Sem saber se acredita ou não, Irina dispara:
— Por que nascemos aqui? Lembro-me que dissestes quando chegou aqui, que tinha feito tudo errado. Que ser gente era confuso... Explique faz favor.
— Nascemos aqui para aprender, sentir, e entender as pessoas. "Nós" não temos esses sentimentos contraditórios, somos soldados e obedecemos a ordens, normas que não são difíceis de seguir, e por vezes não compreendemos os humanos com seu enorme poder, eles podiam fazer tanta coisa, e têm uma coisa muito maior, o livre arbítrio. Então de tempos em tempos ganhamos o privilégio de nascer gente. E Mikhael transborda em lágrimas...

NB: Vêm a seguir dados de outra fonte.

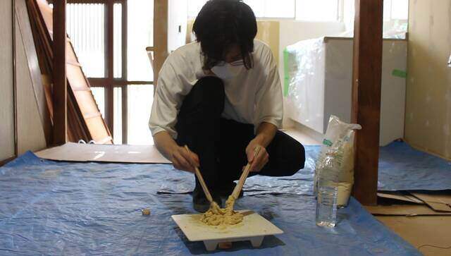コテ板の上に粉パテを山積みにし、くぼみ部分に水を流しながら固めていきます。

— Mas algo que não conhecíamos acontece no humano, é um misto de dor e fome, raiva e alegria, medo e solidão. Tu sabes o que digo, eu sei que sabe. Era para estarmos juntos, nós dois, mas eu te perdi, justamente quando tu te perdeste. A nossa comunicação foi interrompida pela tua dor.
E os dois se abraçam...
— Hoje à noite tu recitas o teu mantra depois de mim? Ela acena afirmando com a cabeça. —Fica comigo Mikhael.
— Não posso ficar por enquanto, mas um dia...
E naquela noite Irina proferiu o seu mantra, e lembrou de cada palavra.